Excerpted records:
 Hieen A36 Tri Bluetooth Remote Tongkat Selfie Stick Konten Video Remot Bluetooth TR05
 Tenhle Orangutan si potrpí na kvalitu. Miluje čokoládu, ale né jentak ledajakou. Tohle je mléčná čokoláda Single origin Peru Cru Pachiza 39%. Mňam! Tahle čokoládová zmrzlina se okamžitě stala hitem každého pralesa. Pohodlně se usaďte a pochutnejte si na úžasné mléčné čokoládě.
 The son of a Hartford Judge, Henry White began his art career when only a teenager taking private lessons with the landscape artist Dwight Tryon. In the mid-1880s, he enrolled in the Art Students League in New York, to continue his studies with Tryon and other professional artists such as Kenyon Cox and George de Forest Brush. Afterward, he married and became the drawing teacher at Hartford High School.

* * *

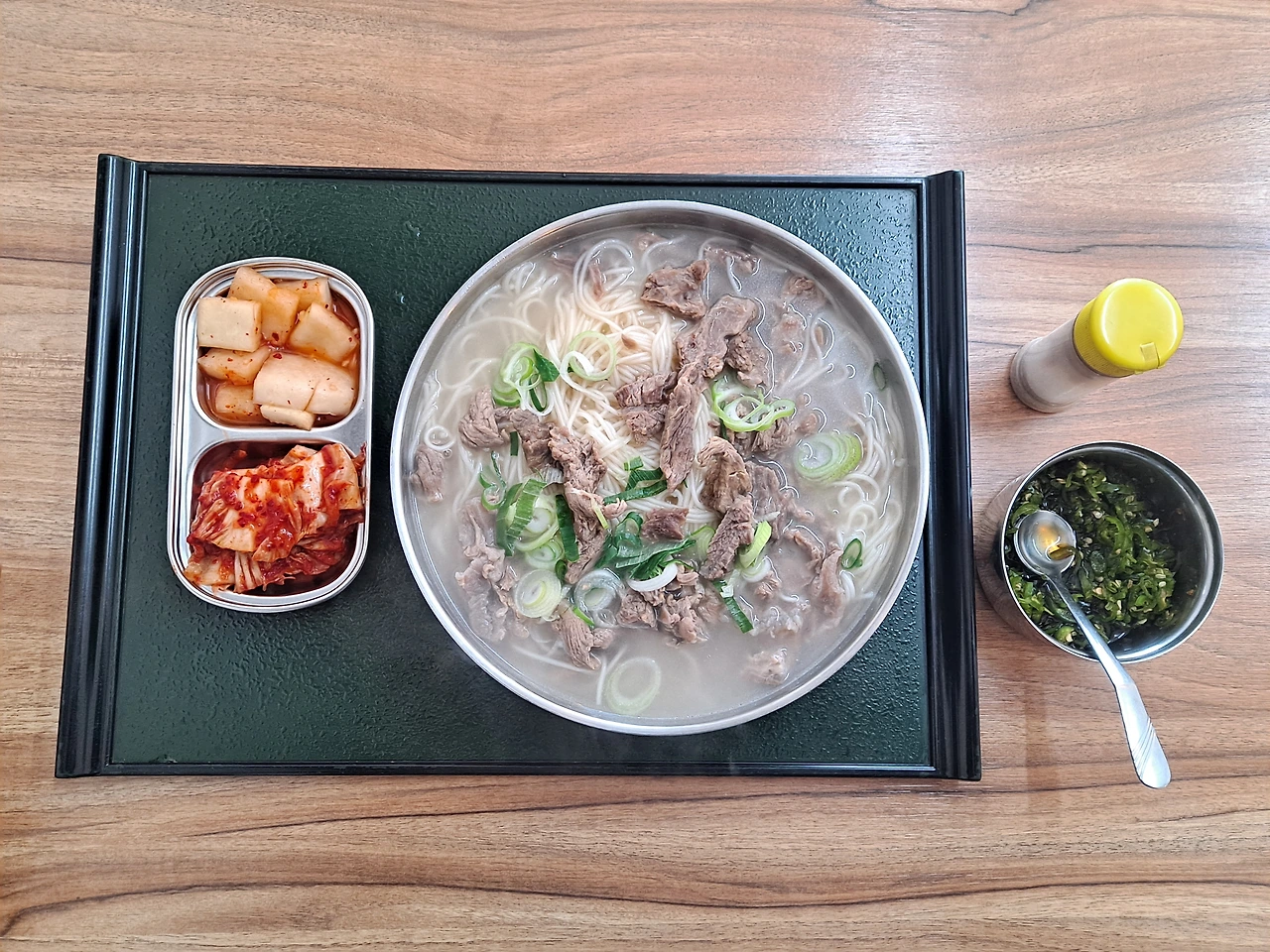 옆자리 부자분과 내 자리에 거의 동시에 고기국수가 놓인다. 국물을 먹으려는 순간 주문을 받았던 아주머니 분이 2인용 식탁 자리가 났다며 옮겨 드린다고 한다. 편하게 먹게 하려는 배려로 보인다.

...

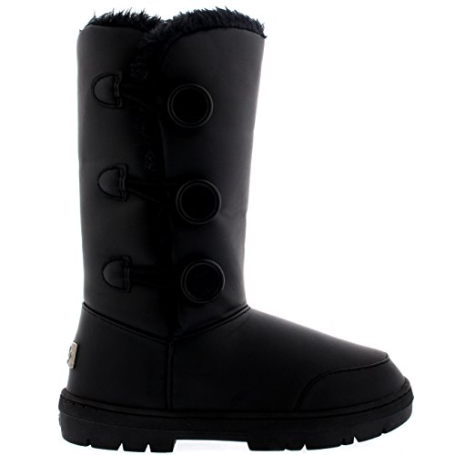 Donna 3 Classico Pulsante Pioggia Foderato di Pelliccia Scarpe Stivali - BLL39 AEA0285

Task goal: From the material above, copy exactly the lines between the line holding "Hieen A36 Tri" and the line holding "The son of a", inclusive, and only those.

Result:
 Hieen A36 Tri Bluetooth Remote Tongkat Selfie Stick Konten Video Remot Bluetooth TR05
 Tenhle Orangutan si potrpí na kvalitu. Miluje čokoládu, ale né jentak ledajakou. Tohle je mléčná čokoláda Single origin Peru Cru Pachiza 39%. Mňam! Tahle čokoládová zmrzlina se okamžitě stala hitem každého pralesa. Pohodlně se usaďte a pochutnejte si na úžasné mléčné čokoládě.
 The son of a Hartford Judge, Henry White began his art career when only a teenager taking private lessons with the landscape artist Dwight Tryon. In the mid-1880s, he enrolled in the Art Students League in New York, to continue his studies with Tryon and other professional artists such as Kenyon Cox and George de Forest Brush. Afterward, he married and became the drawing teacher at Hartford High School.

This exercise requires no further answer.